When we came together here in May last, Great Britain was meeting with reverses in Norway, the low countries were being overrun by the enemy, and our ally France was on the brink of the disaster which overtook her shortly afterwards. The Canadian people were willing to go to any length to aid Britain. Their private interests had second place. They were ready for any sacrifice. An invasion of England was believed to be imminent. The existence of the empire was in peril. Sectionalism and selfishness, the bane of democracy, perhaps of every form of government, were subordinated to patriotism. Burdens, whether tax burdens or others, were accepted with little complaint. Our main, if not our sole desire, was to help to win the war.

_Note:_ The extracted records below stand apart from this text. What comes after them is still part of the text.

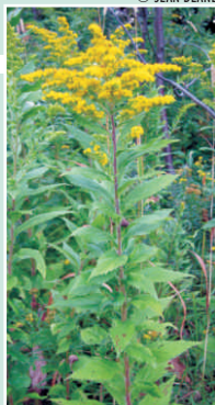
La verge d'or rugueuse

Espèces semblables : 15 espèces du genre Solidago se trouvent en Nouvelle-Écosse, y compris quelques-unes qui sont très semblables à la verge d'or d'Elliott. La verge d'or rugueuse ( Solidago rugosa ) ressemble le plus à la verge d'or d'Elliott, sauf qu'elle est plus répandue géographiquement, elle a une tige couverte de poils et elle a tendance à pousser lorsque c'est plus sec. La verge d'or du Canada ( Solidago canadensis ) et la verge d'or géante ( Solidago gigantea ) ont des feuilles en haut de la tige qui sont plus étroites (<1,4 cm de large) et avec trois veines.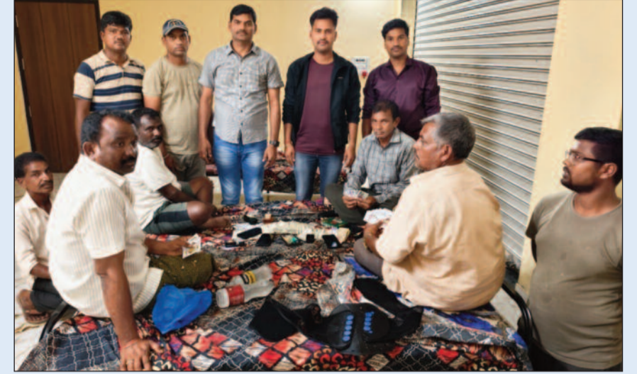
వేల్పుల నగర్, జనం పవర్-ఉమ్మడి అదిలాబాద్ జిల్లా బ్యూరో

బాలాజీ లాడ్జీలో జూదం ఆడుతున్న ఆరుగురు అరెస్ట్ రూ. 1.20 లక్షల నగదు, సెల్ ఫోన్లు స్వాధీనం నిందితులతో పాటు లాడ్జి యజమానిపై కేసు నమోదు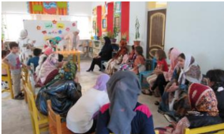
گرامیداشت دهه کرامت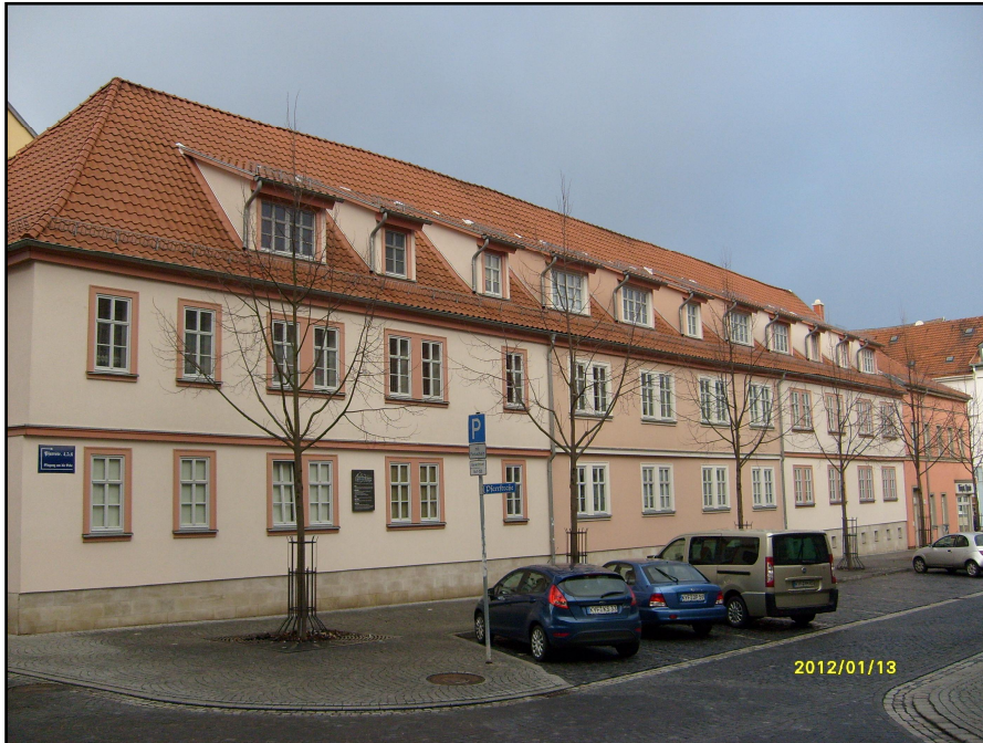
Zustand nach Sanierung, Blick zur Trinitatiskirche im Süden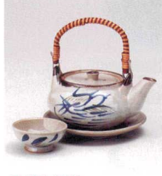
耐熱 ス415-168 芦絵土瓶むし φ11.5×6.3cm(320cc) (陶) (萬古焼) JPN 4,200円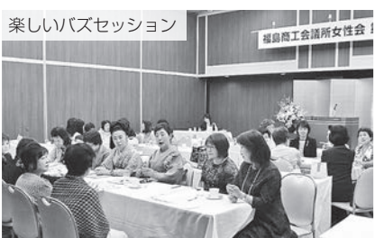
楽しいバスセッション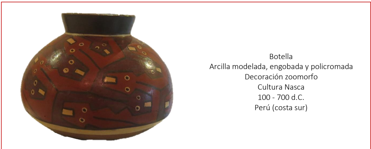
Botella Arcilla modelada, engobada y policromada Decoración zoomorfo Cultura Nasca 100 - 700 d.C. Perú (costa sur)

Imágenes que constituyen verdaderas lecciones de síntesis figurativa y cromática.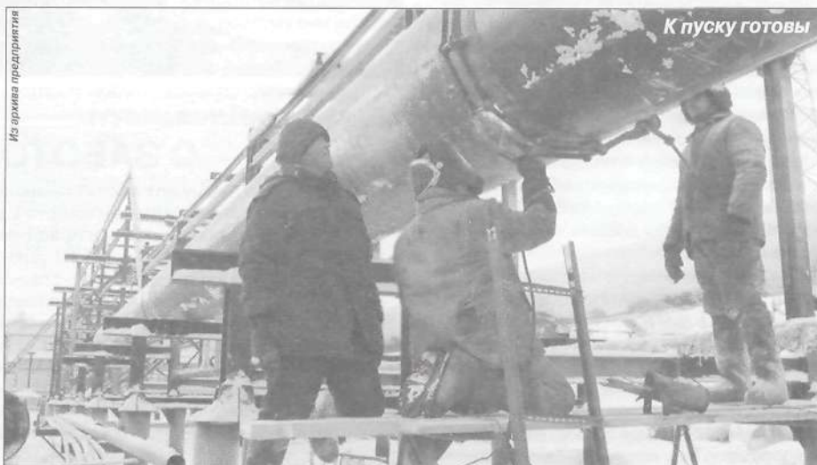
Из архива предприятия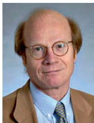
Varapuheenjohtaja Kimmo SASI (kok)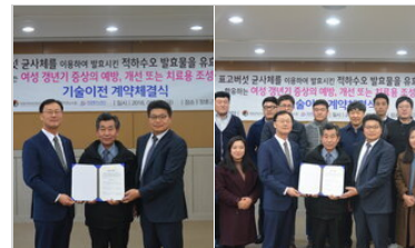
지역산업맞춤형 일자... 2019-06-14 관리자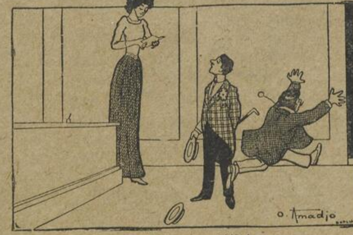
Zu Hilfe! Zu Hilfe!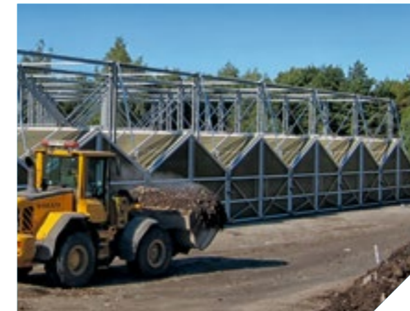
BIODEGMA® - Membrantechnologie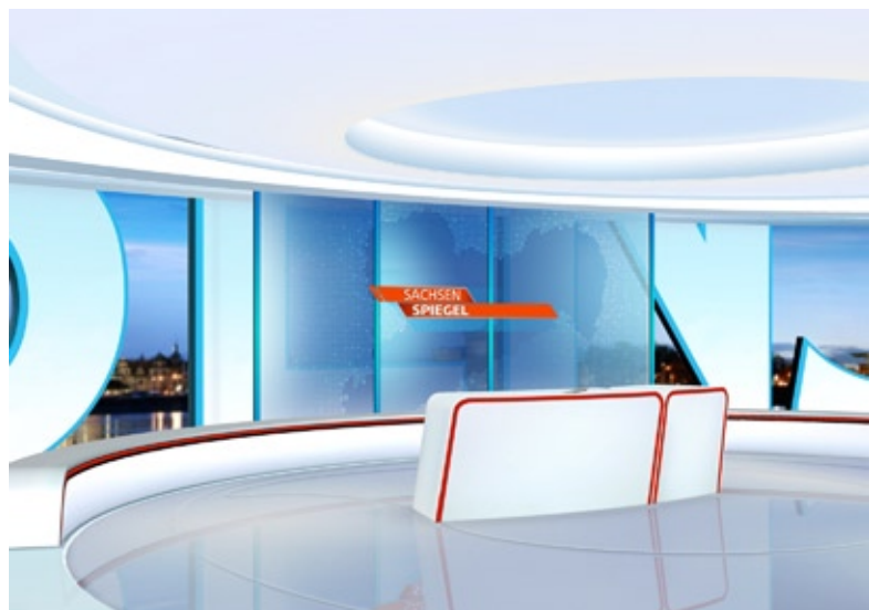
Das neue virtuelle Studio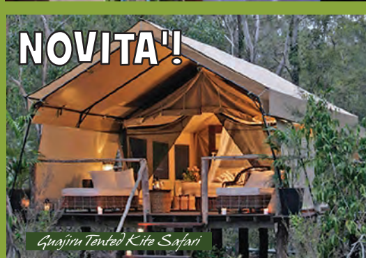
Guajirú Tented Kite Safari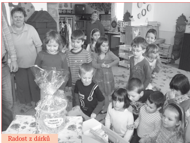
Radost z dárků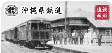
「沖縄県鉄道」スタンプ帳ラベル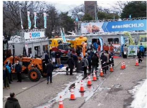
写真7 出展者ブースを見学する来場者 その3

To-day, only a few months later, we are reassured, too much so. We feel, vaguely, that the important things in our lives are at stake, but we are not so sure that they are in jeopardy. Instead of a consciousness every waking moment of the deadly peril of a powerful enemy, many of us have a feeling that the battle of Britain is won, and that all is well. This optimism is excessive and dangerous. The war is not won. A far closer engagement with the enemy will be necessary long before we achieve victory. Not only must our fighting forces engage his, we must engage him in our civilian activities-by the making of sacrifices, the forgoing of pleasures, the devotion of our substance to the common cause-in these ways must all of us engage the enemy.
To-day there is heroism in the air, on the sea, in the deserts of Africa-and there is heroism among the common people of the motherland. Let their example be our inspiration. Civilian Canada has its responsibilities, easier to assume but no less important than those of civilian Britain. Let us assume those responsibilities with the same unselfishness and courage and determination.